__Problem description__.
Reproduce the data below word for word, setting aside any picture it holds.
──────── Data
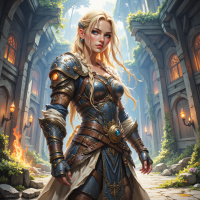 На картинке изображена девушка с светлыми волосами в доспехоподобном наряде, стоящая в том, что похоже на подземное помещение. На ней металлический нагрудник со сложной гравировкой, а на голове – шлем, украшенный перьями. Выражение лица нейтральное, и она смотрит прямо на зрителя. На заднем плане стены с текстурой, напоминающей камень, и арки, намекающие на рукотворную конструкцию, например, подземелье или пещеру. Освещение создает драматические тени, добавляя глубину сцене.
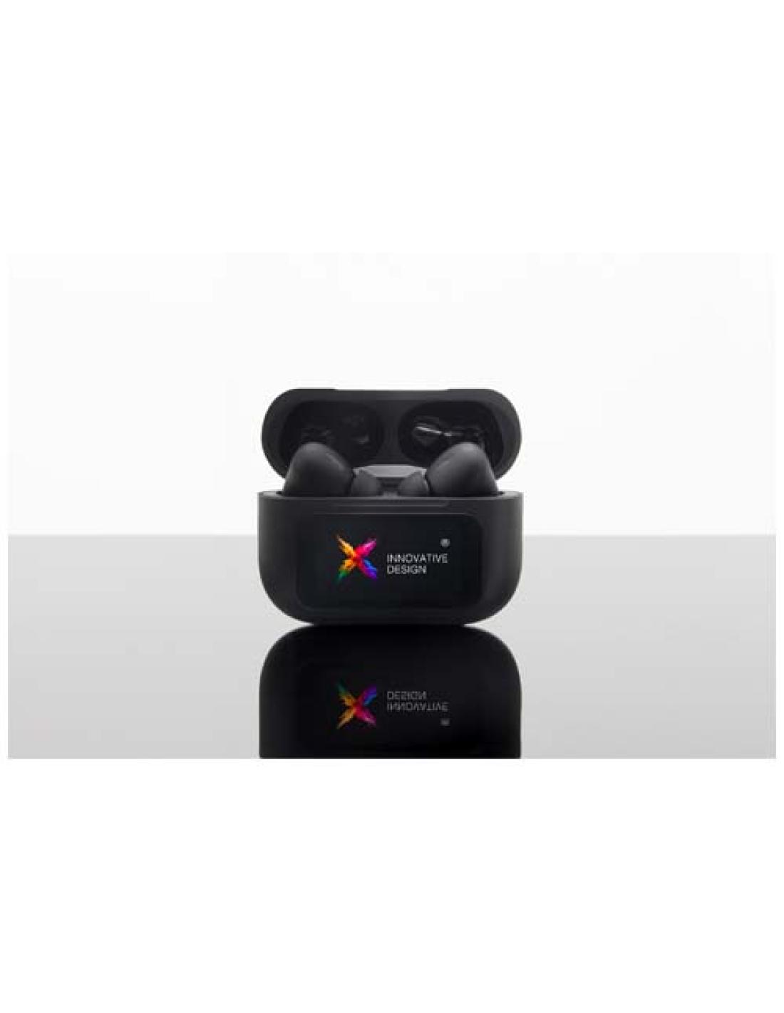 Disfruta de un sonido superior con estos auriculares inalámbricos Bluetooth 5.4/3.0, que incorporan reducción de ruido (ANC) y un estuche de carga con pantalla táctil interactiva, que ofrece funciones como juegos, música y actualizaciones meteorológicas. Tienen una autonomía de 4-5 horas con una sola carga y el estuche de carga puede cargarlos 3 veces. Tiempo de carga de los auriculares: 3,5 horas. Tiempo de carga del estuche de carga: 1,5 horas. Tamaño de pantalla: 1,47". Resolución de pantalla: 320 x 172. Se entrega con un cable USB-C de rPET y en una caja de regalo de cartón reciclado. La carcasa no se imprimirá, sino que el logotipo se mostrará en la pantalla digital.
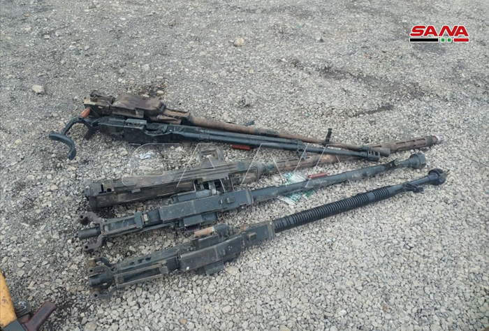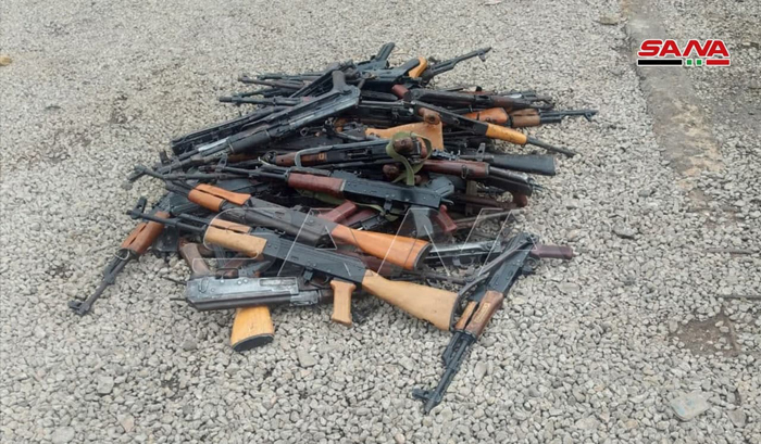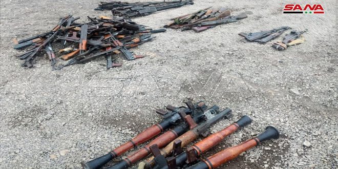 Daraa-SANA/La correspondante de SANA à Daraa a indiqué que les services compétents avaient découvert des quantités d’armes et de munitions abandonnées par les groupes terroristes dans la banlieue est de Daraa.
────────────────
__Response for this exercise__.
 На картинке изображена девушка с светлыми волосами в доспехоподобном наряде, стоящая в том, что похоже на подземное помещение. На ней металлический нагрудник со сложной гравировкой, а на голове – шлем, украшенный перьями. Выражение лица нейтральное, и она смотрит прямо на зрителя. На заднем плане стены с текстурой, напоминающей камень, и арки, намекающие на рукотворную конструкцию, например, подземелье или пещеру. Освещение создает драматические тени, добавляя глубину сцене.
 Disfruta de un sonido superior con estos auriculares inalámbricos Bluetooth 5.4/3.0, que incorporan reducción de ruido (ANC) y un estuche de carga con pantalla táctil interactiva, que ofrece funciones como juegos, música y actualizaciones meteorológicas. Tienen una autonomía de 4-5 horas con una sola carga y el estuche de carga puede cargarlos 3 veces. Tiempo de carga de los auriculares: 3,5 horas. Tiempo de carga del estuche de carga: 1,5 horas. Tamaño de pantalla: 1,47". Resolución de pantalla: 320 x 172. Se entrega con un cable USB-C de rPET y en una caja de regalo de cartón reciclado. La carcasa no se imprimirá, sino que el logotipo se mostrará en la pantalla digital.
 Daraa-SANA/La correspondante de SANA à Daraa a indiqué que les services compétents avaient découvert des quantités d’armes et de munitions abandonnées par les groupes terroristes dans la banlieue est de Daraa.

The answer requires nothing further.